Pletcher, Stewart share memories of Winning Colors
LOUISVILLE, Ky – Trainer Todd Pletcher was in his junior year at the University of Arizona when Winning Colors captured the Kentucky Derby 30 years ago. A little more than a year later, Pletcher began working full time for Winning Colors’s trainer, D. Wayne Lukas. Between the two of them, they have won the Derby six times, and they will have five of the 20 runners in this year’s Derby on Saturday.
“I remember watching the race in Tucson, the significance of a filly winning, Wayne’s first Derby, Forty Niner coming at her at the end, and the controversy over whether he made his run too late,” Pletcher recalled this week at Churchill Downs, where he will send out four runners of his own in this year’s Derby.
“The summer before that, I had worked in Chicago for Randy Bradshaw, who was Wayne’s assistant there. And then that summer,” Pletcher said, referring to 1988, “I worked for Charlie Whittingham at Hollywood Park.”
It wasn’t until April of 1989, just before he graduated, that Pletcher met with Lukas to finalize going to work for him full time. A month later, “I drove cross-country with my dad to New York, and we got there just in time to watch the Sunday Silence-Easy Goer Preakness,” Pletcher said. “The next day, I started working for Wayne.”
Pletcher would work for Lukas – a four-time Derby winner – until the fall of 1995. He went out on his own after that year’s Breeders’ Cup at Belmont Park.
The day the color drained out of Stewart
Dallas Stewart was working for Lukas in the spring of 1988, based at Santa Anita with Lukas’s son and top assistant, Jeff. Their barn had many of the best runners in the country, including Winning Colors.

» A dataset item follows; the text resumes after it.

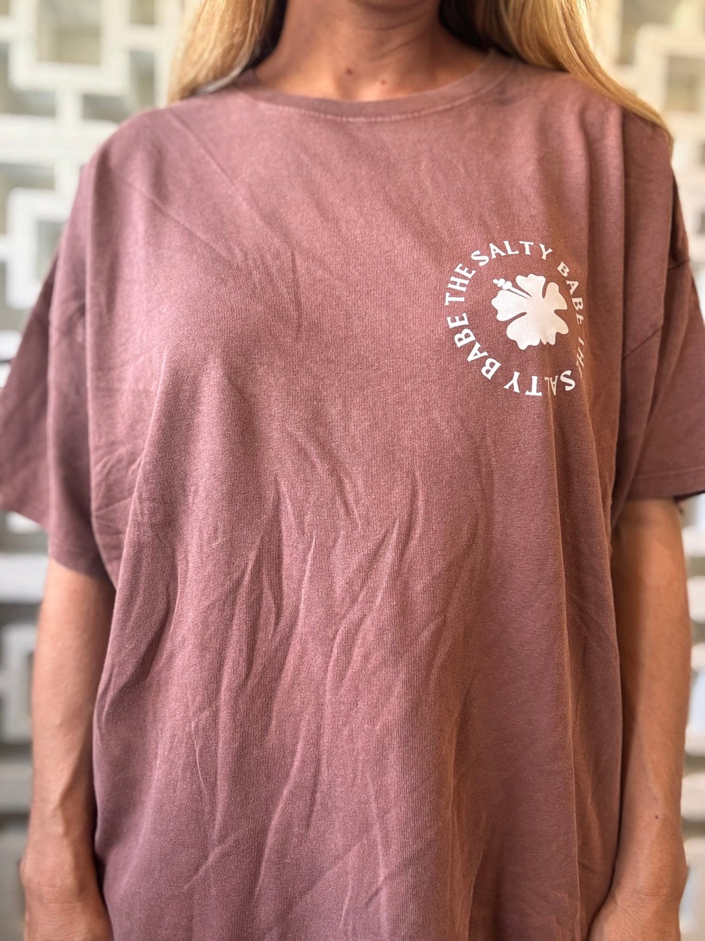 Embrace your inner beach babe with this oversized cotton tee that's as laid-back as island life. The front features a vibrant hibiscus print that brings tropical vibes, while the back showcases the cheeky "Ocean Made Me Salty" graphic—because let's be real, the salt life chose you. Crafted from soft, breathable cotton in a relaxed fit, it's perfect for casual days, beach trips, or whenever you need to channel that carefree coastal energy. Comfort meets personality in every wear.
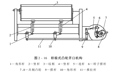 图2-16中,当主凸轮7由小半径转到大半径时通过转子摆杆6、连杆5、摆杆9,推拉杆11、角形杆1与10、竖杆2与4,使综框在其垂直导轨内上升。主、副凸轮为一体件,同转向,同转速。当副凸轮8的小半径转到大半径时,则反之,综框下降。由于整个系统靠两凸轮的共轭精度保证良好的约束条件,所以综框休闲的精度与平稳性较好。连杆5右端在转子摆杆6上的高低位置可调节综框的动程大小。

Stewart was Winning Colors’s exercise rider at Churchill Downs, but he did not get on her regularly at Santa Anita. He was often in her company, though. One afternoon at Santa Anita, Stewart recalled this week, he was grazing Winning Colors when his lead shank snapped.
“She got loose, and walked towards another filly we had, Lost Kitty, who kicked her above the knee,” Stewart said. “Jeff got an ice boot on her right away, and fortunately nothing bad happened. If that kick had hit her knee, she was history.
“Jeff picked up the phone to call Wayne and handed it to me and said, ‘You tell my dad.’”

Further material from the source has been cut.